TASK STATEMENT. With pictures omitted, copy exactly every line from the one that contains "En Route - Linh" to the end of the listing below.

THE DATA.
=-=-=

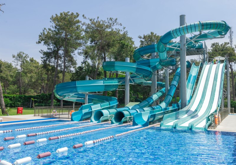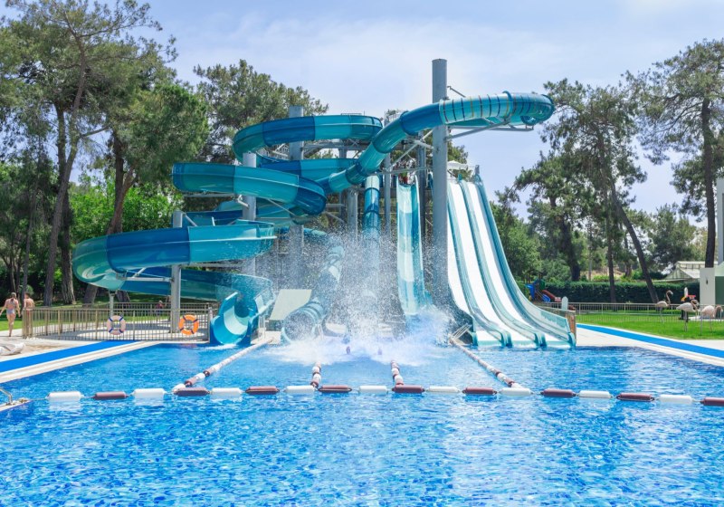 - Wasserwelten: Süßwasser-Pools, Kinderpool und Aquapark mit Rutschen im Grünen.
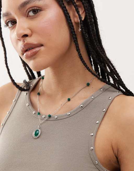 En Route - Linh - Collana in argento sterling con perline e pendente smeraldo
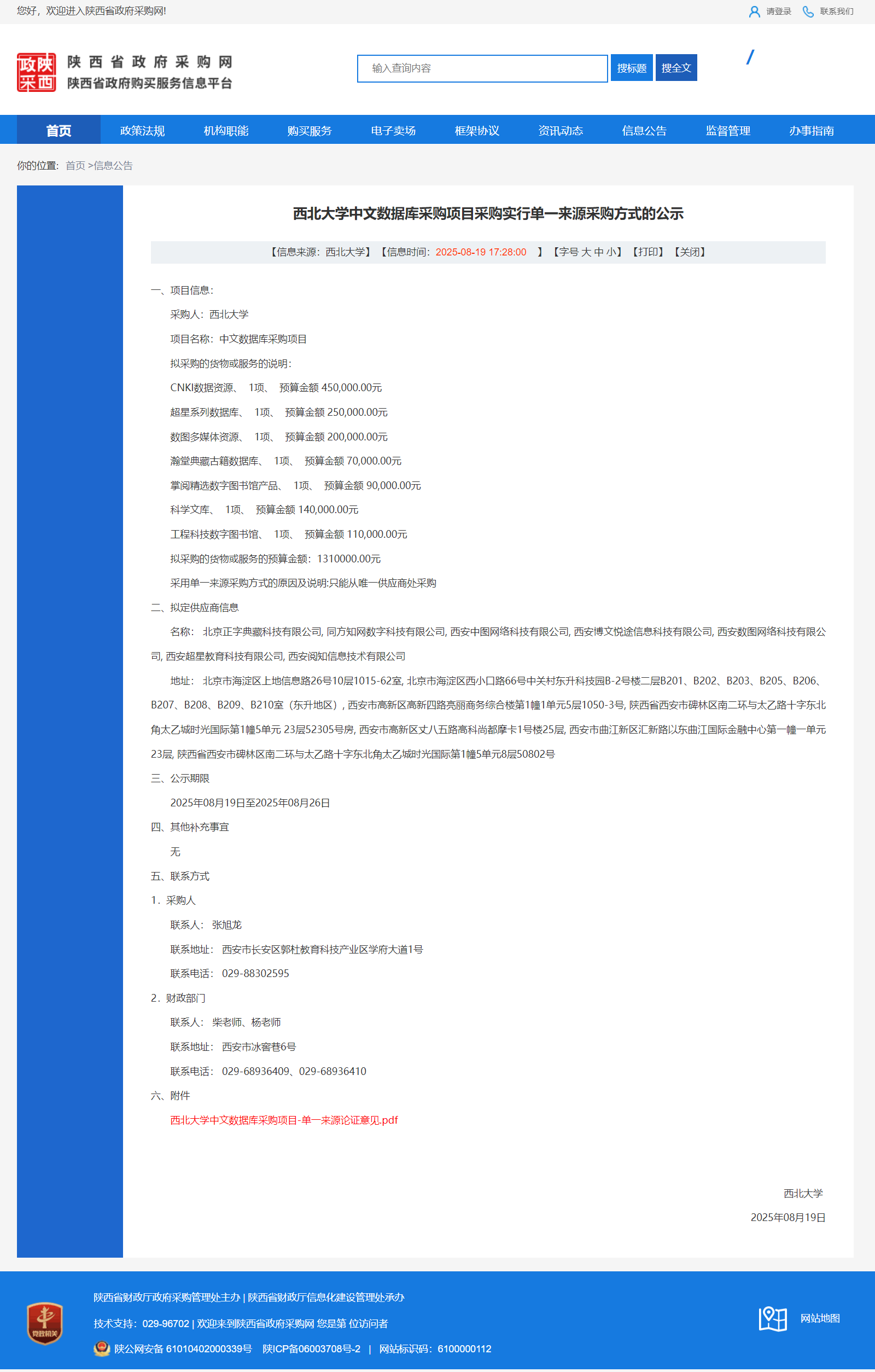 云博app官方在线入口中文数据库采购项目采购实行单一来源采购方式的公示

=-=-=

TASK OUTPUT.
 En Route - Linh - Collana in argento sterling con perline e pendente smeraldo
 云博app官方在线入口中文数据库采购项目采购实行单一来源采购方式的公示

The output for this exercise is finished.